I had the same hairstyle for the last six years. I got it trimmed about once a year, never colored it. It was100% natural.
And I was 100% tired of it.
I was going to shave it three years ago, but then I went through a breakup and there was too much going on, so I put it on hold.
These days I STILL have too much going on, but it’s all great, transformative stuff. It was finally the right time.
This seemed a good time to reinevent myself, rebirth, make a big change on my own terms. So many women lose their hair due to illness, and I wanted to experience it at my healthiest.
Why shave my head?
I haven’t been bald for 38 years. I wanted to experience it.
I dared myself to do it.
I wanted a blank slate.
I wondered what was under all that hair – did I have horns? Was my head scaly? Bumpy?
I wanted a drastic change that would be safe, sane, reversible and legal. To me, shaving your head makes more sense than getting a tattoo. I don’t think I’ll ever get a tattoo – they’re too permanent, and I’m too fluid.
I love change and challenging stereotypes.
|This was my digital rendition
of how I would look bald
Long hair is the norm for women. The book Why Beautiful People Have More Daughters explains a theory for this: men like being able to see evidence that a woman has been healthy for the past few years, and nothing showcases this better than a long sheet of shiny hair.
I wanted to take on the perception that women need to have long hair in order to be considered sexy. I wanted to prove that I can be a sexual, confident woman without my dark blond curtain.
I hid behind my hair in high school.
My bathroom drain was clogged with hair.
My partner found long blond hairs in his laundry and wrapped around his nuts, even when he hadn’t seen me in two days.
I wanted to give a blowjob without dealing with wads of hair in my mouth. Even with my hair in a ponytail, it still manages to creep in there and be incredibly distracting.
I wanted to explore the shaved head sexually and sensually. I wanted to see what it felt like to have my head rubbed with lotion while I masturbated. I want to experience all those hidden nerve ending and radiant erogenous zone.
|This was how I actually look bald.|
I wanted to walk down the street on a breezy day and be able to see where I’m going. My hair has this annoying knack of blowing right across my face like a blindfold.
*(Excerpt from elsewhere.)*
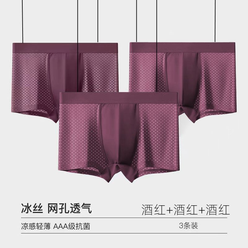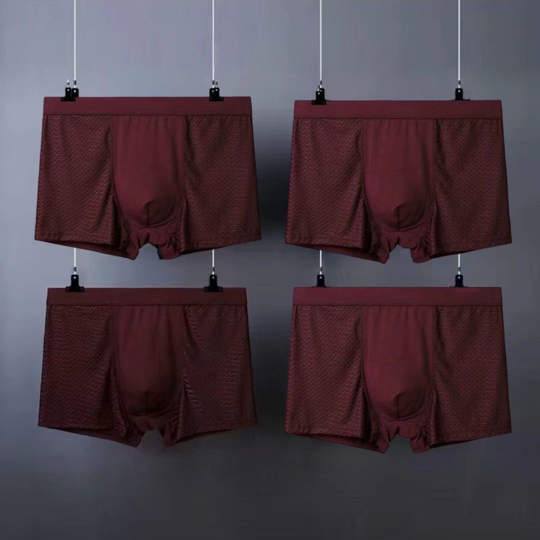 버건디 메쉬 아이스 실크 속옷 남성 플러스 지방 플러스 사이즈 지방 200kg 복서 복서 느슨한 보라색스토어 가기

I wanted to ride in a convertible this summer more carefree than I ever have before!
I wanted to have one less thing to worry about. Having long hair is almost like having a pet!
I wanted to explore a new fetish – hair fetish, long hair, shaved head, haircutting – it was a whole new arena. You know me – I don’t just research and report fetishes, I try them on for size. Some of them have been pretty extreme.
I wanted to face my fears.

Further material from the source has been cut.